▸ **Extracted records**

_____

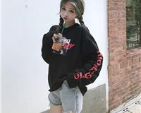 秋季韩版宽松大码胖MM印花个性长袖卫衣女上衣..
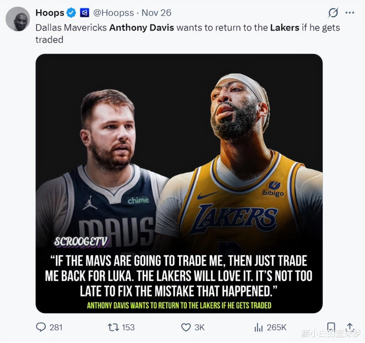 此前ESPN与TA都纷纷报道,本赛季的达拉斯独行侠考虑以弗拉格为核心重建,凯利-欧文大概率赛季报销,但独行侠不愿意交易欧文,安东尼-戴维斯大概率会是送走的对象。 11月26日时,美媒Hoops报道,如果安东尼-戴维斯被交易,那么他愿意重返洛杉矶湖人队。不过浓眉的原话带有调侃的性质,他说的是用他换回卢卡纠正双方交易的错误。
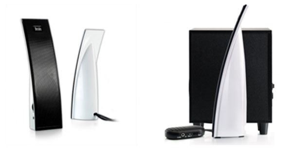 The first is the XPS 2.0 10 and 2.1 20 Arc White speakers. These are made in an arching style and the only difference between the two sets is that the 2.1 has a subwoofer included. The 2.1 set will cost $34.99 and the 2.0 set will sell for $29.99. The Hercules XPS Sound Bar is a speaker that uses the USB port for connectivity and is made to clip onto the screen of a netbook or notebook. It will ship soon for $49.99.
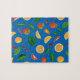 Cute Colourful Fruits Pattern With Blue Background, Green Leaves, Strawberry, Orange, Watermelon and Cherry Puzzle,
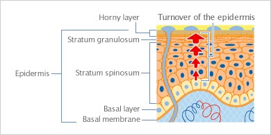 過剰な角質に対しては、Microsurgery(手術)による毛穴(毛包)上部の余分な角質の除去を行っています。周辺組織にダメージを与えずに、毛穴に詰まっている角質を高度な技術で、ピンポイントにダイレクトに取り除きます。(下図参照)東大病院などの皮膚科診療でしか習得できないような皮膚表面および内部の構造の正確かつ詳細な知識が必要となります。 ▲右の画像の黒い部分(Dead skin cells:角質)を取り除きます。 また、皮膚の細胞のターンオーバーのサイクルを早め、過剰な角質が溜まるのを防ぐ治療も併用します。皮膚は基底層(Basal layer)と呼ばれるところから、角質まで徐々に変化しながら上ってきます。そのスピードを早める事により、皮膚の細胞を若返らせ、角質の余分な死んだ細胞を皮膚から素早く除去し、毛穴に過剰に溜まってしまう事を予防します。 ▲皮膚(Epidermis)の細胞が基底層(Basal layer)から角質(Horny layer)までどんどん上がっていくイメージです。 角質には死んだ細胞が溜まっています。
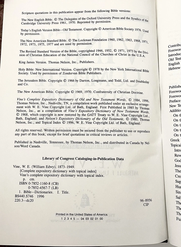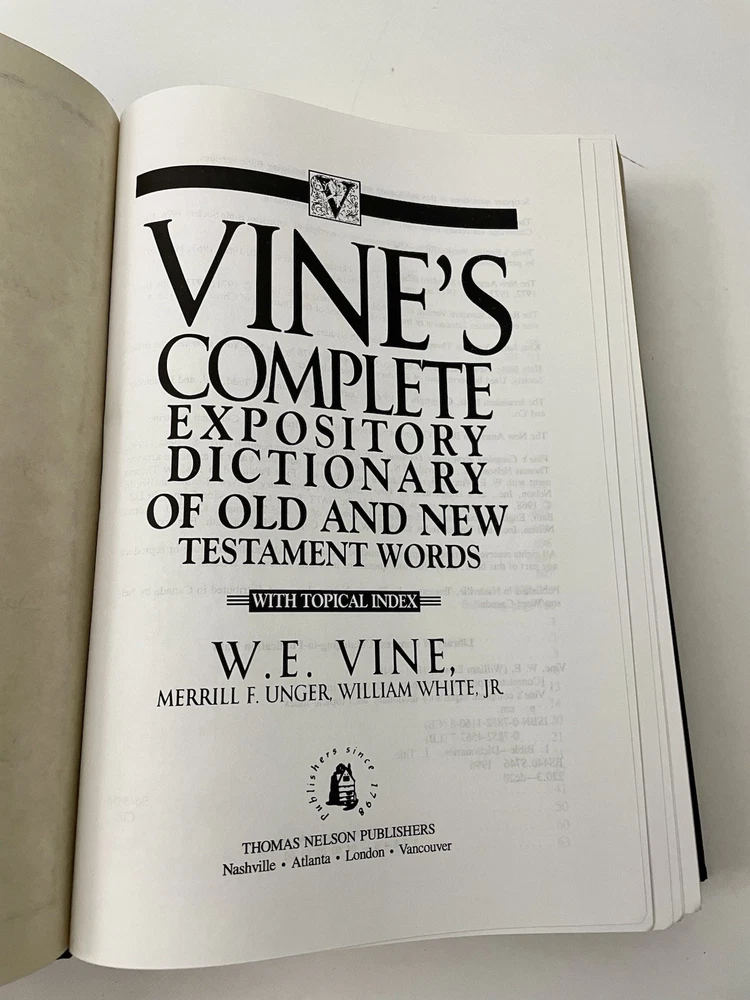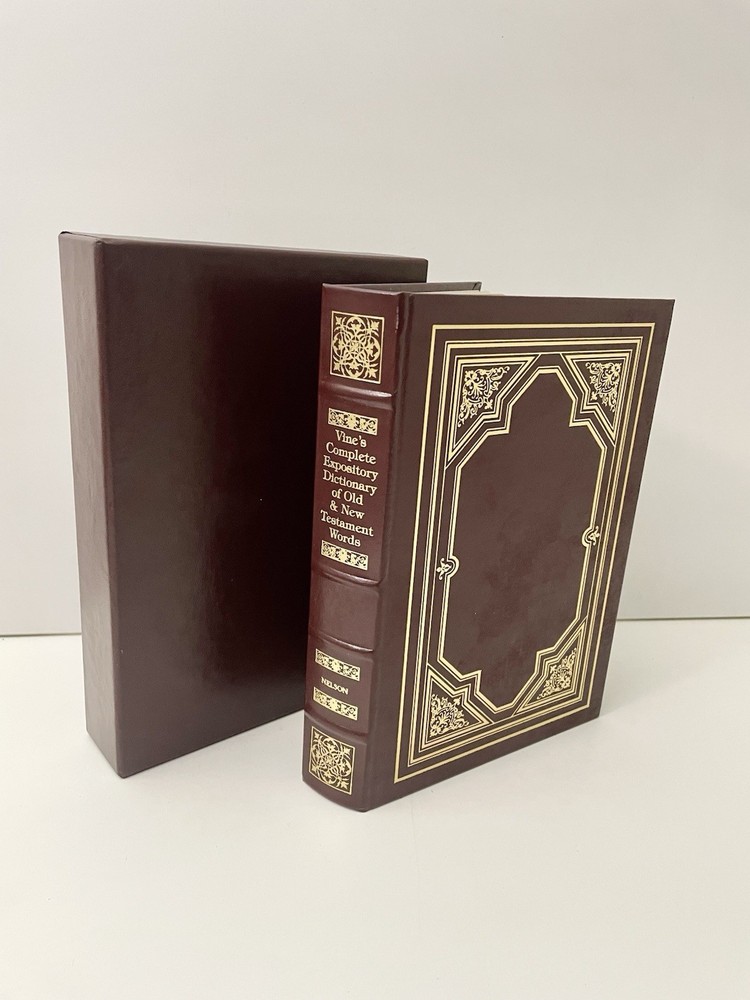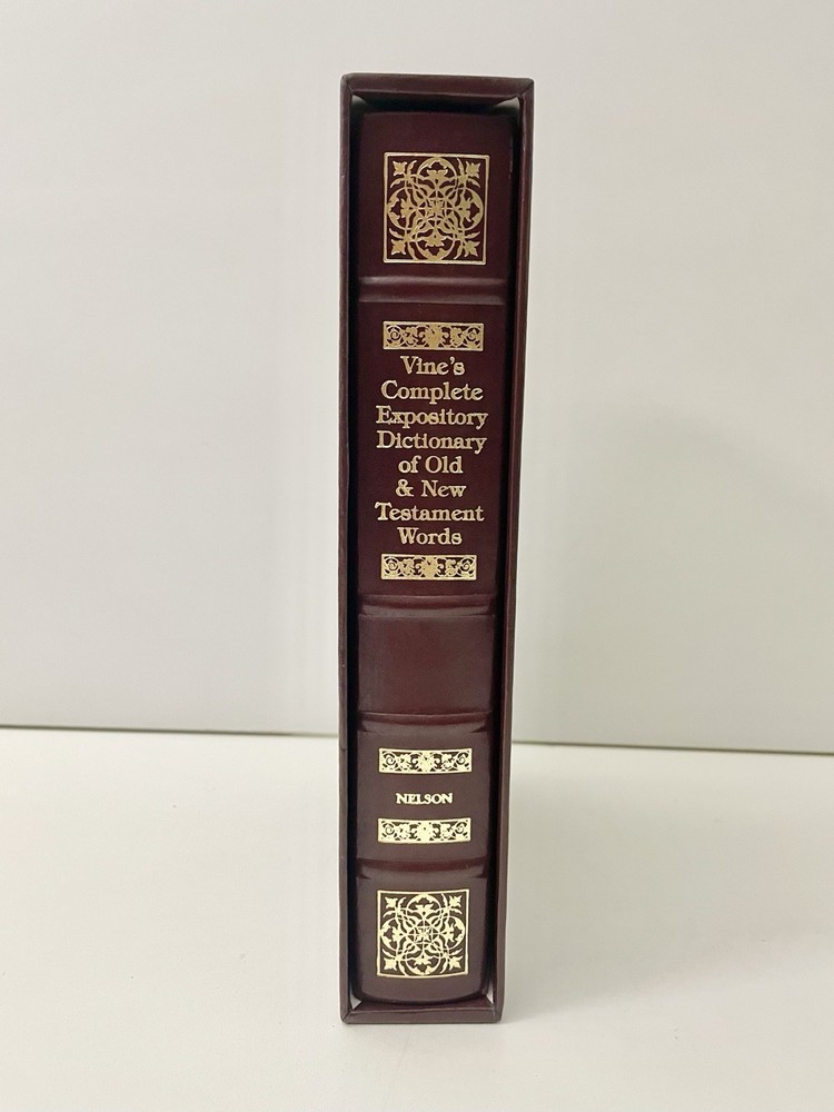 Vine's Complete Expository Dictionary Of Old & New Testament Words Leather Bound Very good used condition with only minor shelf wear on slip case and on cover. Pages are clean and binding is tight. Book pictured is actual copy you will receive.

_____

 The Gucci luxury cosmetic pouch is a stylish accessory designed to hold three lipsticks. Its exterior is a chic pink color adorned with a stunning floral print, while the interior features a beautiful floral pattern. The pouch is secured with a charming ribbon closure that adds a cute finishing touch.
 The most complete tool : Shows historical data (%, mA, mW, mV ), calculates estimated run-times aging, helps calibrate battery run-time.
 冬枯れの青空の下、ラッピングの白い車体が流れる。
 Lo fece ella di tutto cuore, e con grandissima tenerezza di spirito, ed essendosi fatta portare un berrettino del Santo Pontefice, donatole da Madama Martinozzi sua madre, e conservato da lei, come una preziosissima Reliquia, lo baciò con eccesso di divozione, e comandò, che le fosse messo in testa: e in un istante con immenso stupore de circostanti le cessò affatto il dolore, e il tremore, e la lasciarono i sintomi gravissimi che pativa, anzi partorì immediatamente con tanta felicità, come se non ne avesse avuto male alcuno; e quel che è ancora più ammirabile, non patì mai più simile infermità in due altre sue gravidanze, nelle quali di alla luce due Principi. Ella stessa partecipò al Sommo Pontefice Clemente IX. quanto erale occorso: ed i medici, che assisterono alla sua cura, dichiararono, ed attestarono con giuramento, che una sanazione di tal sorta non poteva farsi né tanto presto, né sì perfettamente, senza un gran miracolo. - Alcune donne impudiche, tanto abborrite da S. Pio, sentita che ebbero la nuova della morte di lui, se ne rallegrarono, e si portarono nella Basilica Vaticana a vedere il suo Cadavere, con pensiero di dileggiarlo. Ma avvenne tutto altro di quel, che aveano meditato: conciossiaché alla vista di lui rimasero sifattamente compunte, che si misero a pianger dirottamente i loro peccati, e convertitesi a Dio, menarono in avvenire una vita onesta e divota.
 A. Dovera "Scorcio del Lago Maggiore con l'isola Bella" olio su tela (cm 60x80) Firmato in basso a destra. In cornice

_____

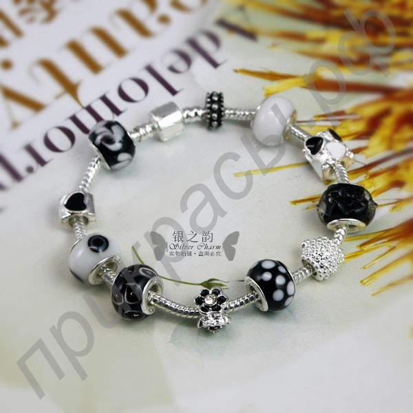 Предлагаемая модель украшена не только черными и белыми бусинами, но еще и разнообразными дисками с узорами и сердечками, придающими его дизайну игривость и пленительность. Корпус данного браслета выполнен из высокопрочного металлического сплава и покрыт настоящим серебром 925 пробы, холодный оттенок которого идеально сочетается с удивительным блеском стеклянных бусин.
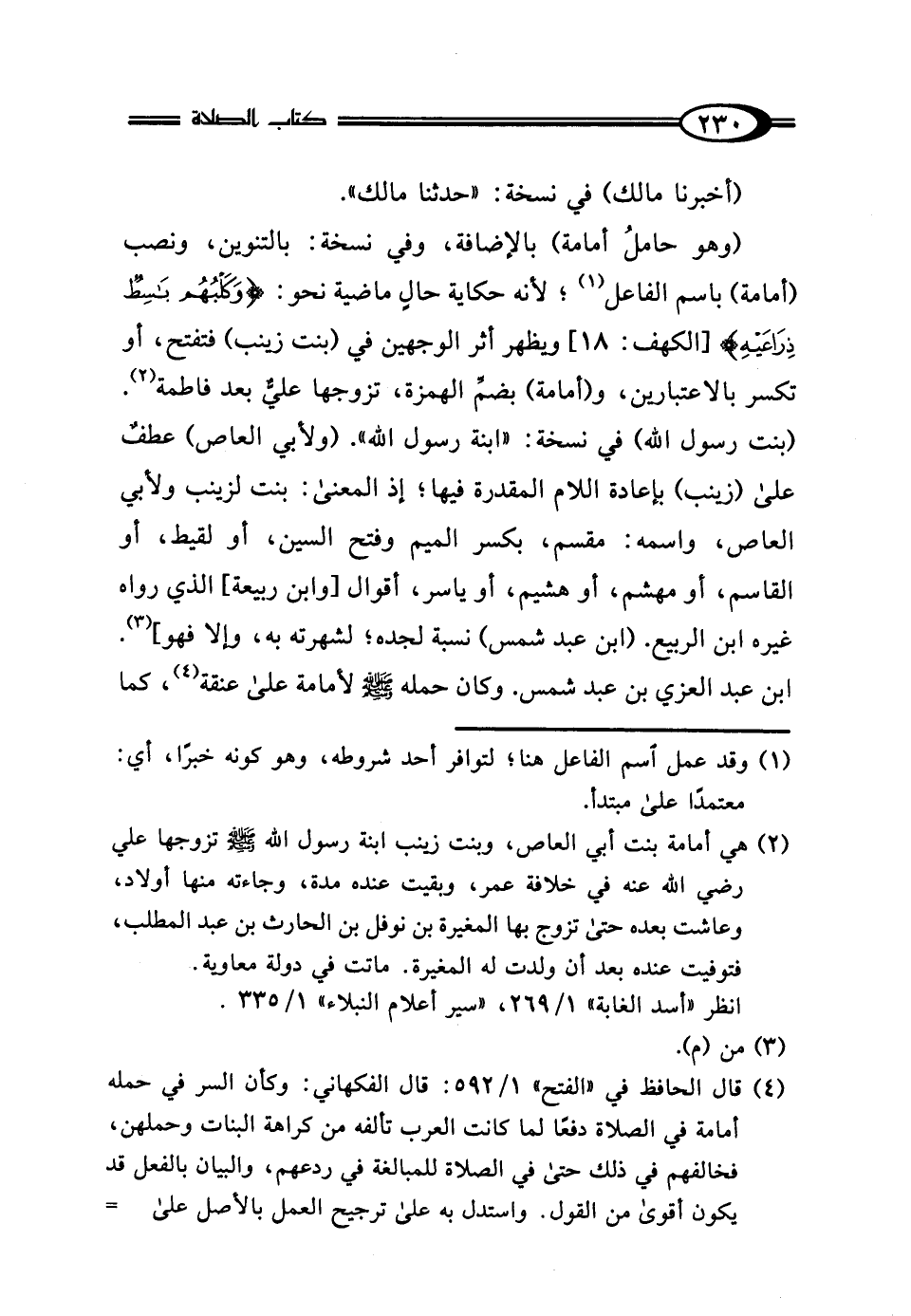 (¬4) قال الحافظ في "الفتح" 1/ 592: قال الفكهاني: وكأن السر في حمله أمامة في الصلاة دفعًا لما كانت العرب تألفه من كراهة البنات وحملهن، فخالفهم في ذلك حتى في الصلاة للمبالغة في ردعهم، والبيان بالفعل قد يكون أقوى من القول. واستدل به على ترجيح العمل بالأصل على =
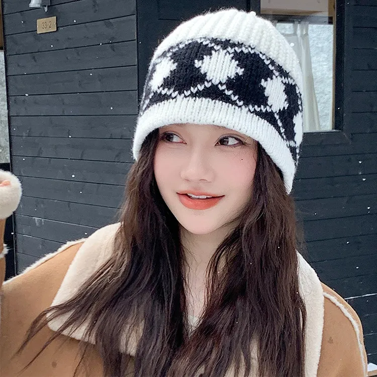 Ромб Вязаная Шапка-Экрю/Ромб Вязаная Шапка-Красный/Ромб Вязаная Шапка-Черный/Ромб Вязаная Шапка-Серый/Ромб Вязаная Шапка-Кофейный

_____

▸ **Requirement**
Within the listing above, the lines from the one with "秋季韩版宽松大码胖MM印花个性长袖卫衣女上衣.." through the one with "layer)から角質(Horny layer)までどんどん上がっていくイメージです。 角質には死んだ細胞が溜まっています。" are to be given again word for word. Do not include pictures.

▸ **Exercise result**
 秋季韩版宽松大码胖MM印花个性长袖卫衣女上衣..
 此前ESPN与TA都纷纷报道,本赛季的达拉斯独行侠考虑以弗拉格为核心重建,凯利-欧文大概率赛季报销,但独行侠不愿意交易欧文,安东尼-戴维斯大概率会是送走的对象。 11月26日时,美媒Hoops报道,如果安东尼-戴维斯被交易,那么他愿意重返洛杉矶湖人队。不过浓眉的原话带有调侃的性质,他说的是用他换回卢卡纠正双方交易的错误。
 The first is the XPS 2.0 10 and 2.1 20 Arc White speakers. These are made in an arching style and the only difference between the two sets is that the 2.1 has a subwoofer included. The 2.1 set will cost $34.99 and the 2.0 set will sell for $29.99. The Hercules XPS Sound Bar is a speaker that uses the USB port for connectivity and is made to clip onto the screen of a netbook or notebook. It will ship soon for $49.99.
 Cute Colourful Fruits Pattern With Blue Background, Green Leaves, Strawberry, Orange, Watermelon and Cherry Puzzle,
 過剰な角質に対しては、Microsurgery(手術)による毛穴(毛包)上部の余分な角質の除去を行っています。周辺組織にダメージを与えずに、毛穴に詰まっている角質を高度な技術で、ピンポイントにダイレクトに取り除きます。(下図参照)東大病院などの皮膚科診療でしか習得できないような皮膚表面および内部の構造の正確かつ詳細な知識が必要となります。 ▲右の画像の黒い部分(Dead skin cells:角質)を取り除きます。 また、皮膚の細胞のターンオーバーのサイクルを早め、過剰な角質が溜まるのを防ぐ治療も併用します。皮膚は基底層(Basal layer)と呼ばれるところから、角質まで徐々に変化しながら上ってきます。そのスピードを早める事により、皮膚の細胞を若返らせ、角質の余分な死んだ細胞を皮膚から素早く除去し、毛穴に過剰に溜まってしまう事を予防します。 ▲皮膚(Epidermis)の細胞が基底層(Basal layer)から角質(Horny layer)までどんどん上がっていくイメージです。 角質には死んだ細胞が溜まっています。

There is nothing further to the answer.